++++ Records for the exercise
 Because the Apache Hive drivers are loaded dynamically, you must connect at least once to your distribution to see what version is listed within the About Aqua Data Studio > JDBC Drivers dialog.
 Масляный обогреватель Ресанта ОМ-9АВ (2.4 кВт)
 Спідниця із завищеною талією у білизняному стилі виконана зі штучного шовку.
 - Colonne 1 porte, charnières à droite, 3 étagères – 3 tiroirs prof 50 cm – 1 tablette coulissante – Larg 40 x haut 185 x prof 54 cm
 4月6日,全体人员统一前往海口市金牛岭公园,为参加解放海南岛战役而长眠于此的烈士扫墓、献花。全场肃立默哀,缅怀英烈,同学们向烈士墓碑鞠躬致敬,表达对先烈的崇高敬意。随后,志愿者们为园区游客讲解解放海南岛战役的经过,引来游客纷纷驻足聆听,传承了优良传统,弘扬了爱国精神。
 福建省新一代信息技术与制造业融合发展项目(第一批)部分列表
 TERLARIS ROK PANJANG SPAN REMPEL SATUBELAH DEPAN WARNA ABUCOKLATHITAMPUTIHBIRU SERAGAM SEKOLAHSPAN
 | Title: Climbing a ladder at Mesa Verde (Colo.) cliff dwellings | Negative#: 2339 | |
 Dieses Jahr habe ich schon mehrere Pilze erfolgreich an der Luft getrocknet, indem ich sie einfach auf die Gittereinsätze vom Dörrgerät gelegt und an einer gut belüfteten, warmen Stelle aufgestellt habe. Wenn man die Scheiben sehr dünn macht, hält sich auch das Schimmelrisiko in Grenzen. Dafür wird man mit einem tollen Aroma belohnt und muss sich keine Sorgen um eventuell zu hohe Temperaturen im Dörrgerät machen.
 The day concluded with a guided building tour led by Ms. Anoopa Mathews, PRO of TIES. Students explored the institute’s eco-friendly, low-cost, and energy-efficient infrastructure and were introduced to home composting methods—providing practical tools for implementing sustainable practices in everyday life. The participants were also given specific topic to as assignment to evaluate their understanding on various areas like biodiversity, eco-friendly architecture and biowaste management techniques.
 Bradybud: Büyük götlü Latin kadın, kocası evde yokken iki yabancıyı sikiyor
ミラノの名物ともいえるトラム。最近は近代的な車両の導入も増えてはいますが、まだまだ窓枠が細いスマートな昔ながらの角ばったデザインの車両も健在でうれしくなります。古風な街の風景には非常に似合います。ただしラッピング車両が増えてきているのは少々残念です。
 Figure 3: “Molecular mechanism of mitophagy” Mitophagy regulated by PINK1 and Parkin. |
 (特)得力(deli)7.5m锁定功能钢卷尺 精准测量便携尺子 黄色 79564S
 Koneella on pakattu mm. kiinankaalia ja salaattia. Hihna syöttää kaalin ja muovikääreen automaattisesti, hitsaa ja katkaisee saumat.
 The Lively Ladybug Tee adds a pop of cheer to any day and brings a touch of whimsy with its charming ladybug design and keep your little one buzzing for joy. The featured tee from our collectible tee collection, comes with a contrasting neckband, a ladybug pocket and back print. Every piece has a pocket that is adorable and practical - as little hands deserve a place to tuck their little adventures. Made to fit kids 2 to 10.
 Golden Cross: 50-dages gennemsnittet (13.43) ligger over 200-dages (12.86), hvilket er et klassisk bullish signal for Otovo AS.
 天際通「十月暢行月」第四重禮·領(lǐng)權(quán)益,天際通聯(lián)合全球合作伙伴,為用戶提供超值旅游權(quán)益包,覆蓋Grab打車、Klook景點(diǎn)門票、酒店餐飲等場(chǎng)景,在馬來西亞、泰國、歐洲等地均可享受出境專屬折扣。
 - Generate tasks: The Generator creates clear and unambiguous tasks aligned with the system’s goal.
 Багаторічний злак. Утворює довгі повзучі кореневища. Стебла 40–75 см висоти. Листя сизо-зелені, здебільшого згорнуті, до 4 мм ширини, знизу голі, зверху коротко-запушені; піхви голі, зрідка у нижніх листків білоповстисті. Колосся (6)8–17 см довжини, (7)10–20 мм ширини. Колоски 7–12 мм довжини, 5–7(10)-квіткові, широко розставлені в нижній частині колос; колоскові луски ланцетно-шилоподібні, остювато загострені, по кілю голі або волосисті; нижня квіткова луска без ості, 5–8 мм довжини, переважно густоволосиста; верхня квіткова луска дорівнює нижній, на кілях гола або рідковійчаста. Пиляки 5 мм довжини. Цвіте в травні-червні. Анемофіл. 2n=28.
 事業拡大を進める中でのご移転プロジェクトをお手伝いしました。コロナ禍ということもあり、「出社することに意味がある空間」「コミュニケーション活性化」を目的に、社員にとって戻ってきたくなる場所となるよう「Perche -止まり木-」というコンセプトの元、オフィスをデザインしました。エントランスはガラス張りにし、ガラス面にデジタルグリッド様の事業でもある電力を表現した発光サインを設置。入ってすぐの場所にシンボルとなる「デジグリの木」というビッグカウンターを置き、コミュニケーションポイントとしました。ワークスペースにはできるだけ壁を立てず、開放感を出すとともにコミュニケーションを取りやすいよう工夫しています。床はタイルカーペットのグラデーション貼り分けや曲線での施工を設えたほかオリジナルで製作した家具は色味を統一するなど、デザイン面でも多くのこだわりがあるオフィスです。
++++++++
Your task is to retype the data exactly, with no line missing.

 Because the Apache Hive drivers are loaded dynamically, you must connect at least once to your distribution to see what version is listed within the About Aqua Data Studio > JDBC Drivers dialog.
 Масляный обогреватель Ресанта ОМ-9АВ (2.4 кВт)
 Спідниця із завищеною талією у білизняному стилі виконана зі штучного шовку.
 - Colonne 1 porte, charnières à droite, 3 étagères – 3 tiroirs prof 50 cm – 1 tablette coulissante – Larg 40 x haut 185 x prof 54 cm
 4月6日,全体人员统一前往海口市金牛岭公园,为参加解放海南岛战役而长眠于此的烈士扫墓、献花。全场肃立默哀,缅怀英烈,同学们向烈士墓碑鞠躬致敬,表达对先烈的崇高敬意。随后,志愿者们为园区游客讲解解放海南岛战役的经过,引来游客纷纷驻足聆听,传承了优良传统,弘扬了爱国精神。
 福建省新一代信息技术与制造业融合发展项目(第一批)部分列表
 TERLARIS ROK PANJANG SPAN REMPEL SATUBELAH DEPAN WARNA ABUCOKLATHITAMPUTIHBIRU SERAGAM SEKOLAHSPAN
 | Title: Climbing a ladder at Mesa Verde (Colo.) cliff dwellings | Negative#: 2339 | |
 Dieses Jahr habe ich schon mehrere Pilze erfolgreich an der Luft getrocknet, indem ich sie einfach auf die Gittereinsätze vom Dörrgerät gelegt und an einer gut belüfteten, warmen Stelle aufgestellt habe. Wenn man die Scheiben sehr dünn macht, hält sich auch das Schimmelrisiko in Grenzen. Dafür wird man mit einem tollen Aroma belohnt und muss sich keine Sorgen um eventuell zu hohe Temperaturen im Dörrgerät machen.
 The day concluded with a guided building tour led by Ms. Anoopa Mathews, PRO of TIES. Students explored the institute’s eco-friendly, low-cost, and energy-efficient infrastructure and were introduced to home composting methods—providing practical tools for implementing sustainable practices in everyday life. The participants were also given specific topic to as assignment to evaluate their understanding on various areas like biodiversity, eco-friendly architecture and biowaste management techniques.
 Bradybud: Büyük götlü Latin kadın, kocası evde yokken iki yabancıyı sikiyor
ミラノの名物ともいえるトラム。最近は近代的な車両の導入も増えてはいますが、まだまだ窓枠が細いスマートな昔ながらの角ばったデザインの車両も健在でうれしくなります。古風な街の風景には非常に似合います。ただしラッピング車両が増えてきているのは少々残念です。
 Figure 3: “Molecular mechanism of mitophagy” Mitophagy regulated by PINK1 and Parkin. |
 (特)得力(deli)7.5m锁定功能钢卷尺 精准测量便携尺子 黄色 79564S
 Koneella on pakattu mm. kiinankaalia ja salaattia. Hihna syöttää kaalin ja muovikääreen automaattisesti, hitsaa ja katkaisee saumat.
 The Lively Ladybug Tee adds a pop of cheer to any day and brings a touch of whimsy with its charming ladybug design and keep your little one buzzing for joy. The featured tee from our collectible tee collection, comes with a contrasting neckband, a ladybug pocket and back print. Every piece has a pocket that is adorable and practical - as little hands deserve a place to tuck their little adventures. Made to fit kids 2 to 10.
 Golden Cross: 50-dages gennemsnittet (13.43) ligger over 200-dages (12.86), hvilket er et klassisk bullish signal for Otovo AS.
 天際通「十月暢行月」第四重禮·領(lǐng)權(quán)益,天際通聯(lián)合全球合作伙伴,為用戶提供超值旅游權(quán)益包,覆蓋Grab打車、Klook景點(diǎn)門票、酒店餐飲等場(chǎng)景,在馬來西亞、泰國、歐洲等地均可享受出境專屬折扣。
 - Generate tasks: The Generator creates clear and unambiguous tasks aligned with the system’s goal.
 Багаторічний злак. Утворює довгі повзучі кореневища. Стебла 40–75 см висоти. Листя сизо-зелені, здебільшого згорнуті, до 4 мм ширини, знизу голі, зверху коротко-запушені; піхви голі, зрідка у нижніх листків білоповстисті. Колосся (6)8–17 см довжини, (7)10–20 мм ширини. Колоски 7–12 мм довжини, 5–7(10)-квіткові, широко розставлені в нижній частині колос; колоскові луски ланцетно-шилоподібні, остювато загострені, по кілю голі або волосисті; нижня квіткова луска без ості, 5–8 мм довжини, переважно густоволосиста; верхня квіткова луска дорівнює нижній, на кілях гола або рідковійчаста. Пиляки 5 мм довжини. Цвіте в травні-червні. Анемофіл. 2n=28.
 事業拡大を進める中でのご移転プロジェクトをお手伝いしました。コロナ禍ということもあり、「出社することに意味がある空間」「コミュニケーション活性化」を目的に、社員にとって戻ってきたくなる場所となるよう「Perche -止まり木-」というコンセプトの元、オフィスをデザインしました。エントランスはガラス張りにし、ガラス面にデジタルグリッド様の事業でもある電力を表現した発光サインを設置。入ってすぐの場所にシンボルとなる「デジグリの木」というビッグカウンターを置き、コミュニケーションポイントとしました。ワークスペースにはできるだけ壁を立てず、開放感を出すとともにコミュニケーションを取りやすいよう工夫しています。床はタイルカーペットのグラデーション貼り分けや曲線での施工を設えたほかオリジナルで製作した家具は色味を統一するなど、デザイン面でも多くのこだわりがあるオフィスです。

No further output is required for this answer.